1.- Falta de producción (de glóbulos rojos o de hemoglobina).

– Anemias nutricionales: falta de hierro, vitamina B12 o de ácido fólico, desnutrición en general.

-Anemias en respuesta a tóxicos: ciertas medicinas, o plomo.

-Anemias aplásticas (falla la médula ósea, donde las células de la sangre se generan).

– Anemia de la enfermedad crónica (reumatismos, cáncer, insuficiencia renal, infecciones)

2.- Destrucción acelerada o hemólisis.

– Enfermedades congénitas en las que existen fallas en la forma de la hemoglobina(talasemia, anemia falciforme)o de ciertas proteínas de la superficie de los glóbulos rojos(esferocitosis, hemoglobinuria paroxística nocturna), que hacen que los estos se deformen y duren menos en la circulación.

 – Trastornos inmunitarios: nuestro sistema de defensa se confunde y genera anticuerpos contra nuestros glóbulos rojos, promoviendo su destrucción.  Un mecanismo similar ocurre cuando el recién nacido y la madre tienen grupos sanguíneos diferentes, y anticuerpos de la madre destruyen los glóbulos rojos del bebé (enfermedad hemolítica del recién nacido).

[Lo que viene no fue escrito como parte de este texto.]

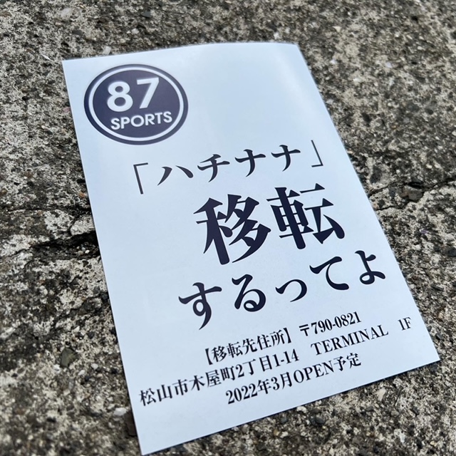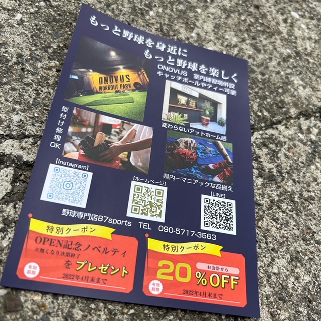 | 店舗名 | 野球専門店 87sports (ハチナナスポーツ) |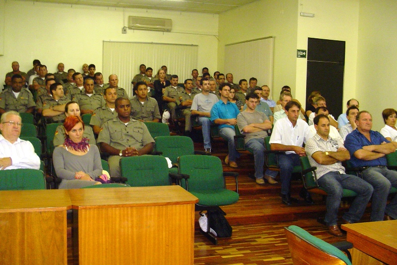 O Plenário Darcy Sobreira Soccol, na Câmara de Vereadores de Serafina Corrêa, foi palco nesta quinta-feira, 5 de Fevereiro, da reunião de serviço do 3° Batalhão de Policiamento de Áreas Turísticas, com sede em Bento Gonçalves. A reunião serviu para o Comandante Tenente Coronel Luiz Roberto Bonato, receber os 26 Comandantes de Frações da Brigada Militar, dos 26 municípios que compõe o referido Batalhão, para uma reunião de serviço.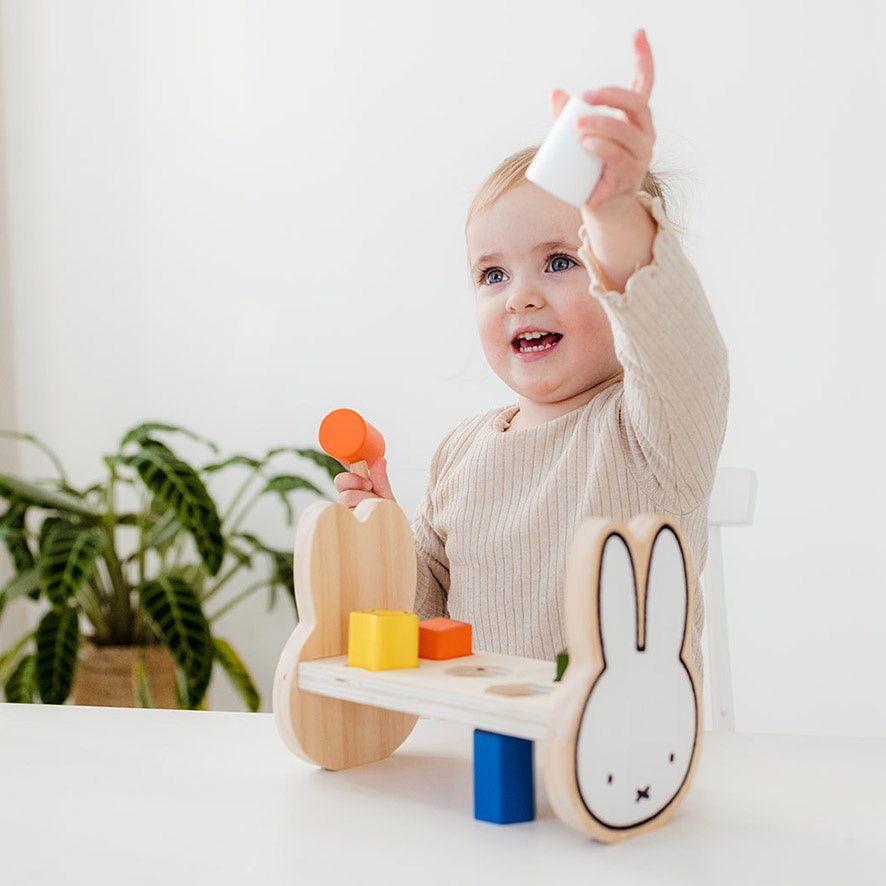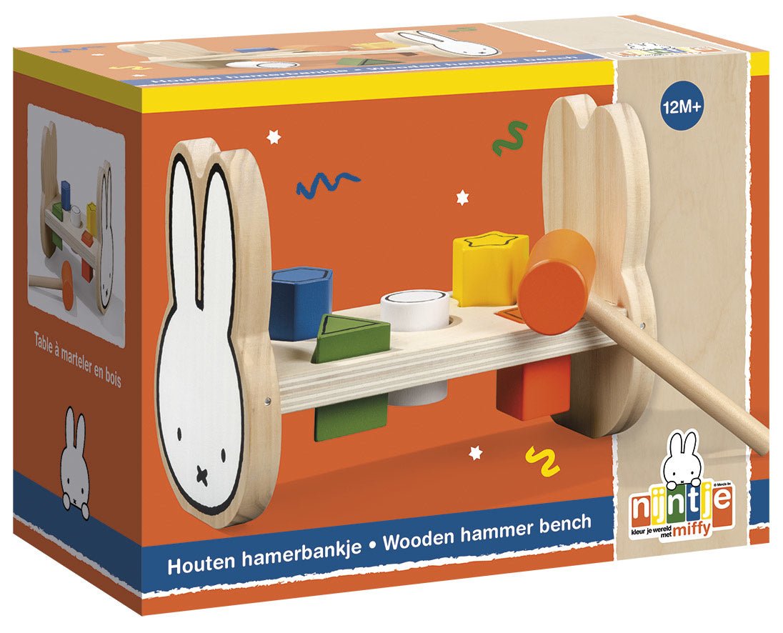 Je kleintje zal zich een ware timmerman/vrouw voelen met dit Nijntje houten hamerbankje van Bambolino Toys! De hamerbank is uitgevoerd in vrolijke kleurtjes met mooie illustraties van Nijntje.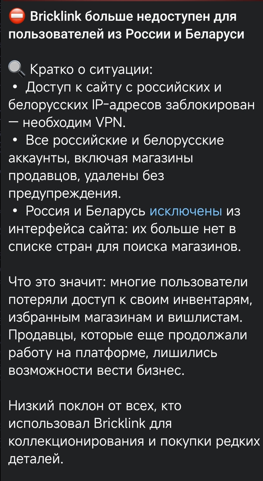 Бля, только сегодня узнал что бриклинк наебнул всех российских (да и белорусов тоже) продавцов. Причем по прямой ссылке страницы продавцов доступны, но нет инвентаря.

3.- Incremento de pérdidas (hemorragias agudas o crónicas).

4.- Infecciones que destruyen directamente el glóbulo rojo (malaria y otras).

Si bien los doctores con experiencia pueden predecir la severidad y causa de la anemia, solo los exámenes de laboratorio pueden determinar esto con exactitud. Dos cosas importantes pueden inferirse del diagnóstico de la causa de la anemia: el pronóstico (qué se espera del cuadro en curso), y el tratamiento (¿puede tratarse? ¿Cómo?)

Como recomiendo en cada caso, consulte a su doctor. Una intervención oportuna le evitará a usted y a sus hijos innecesarios dolores de cabeza.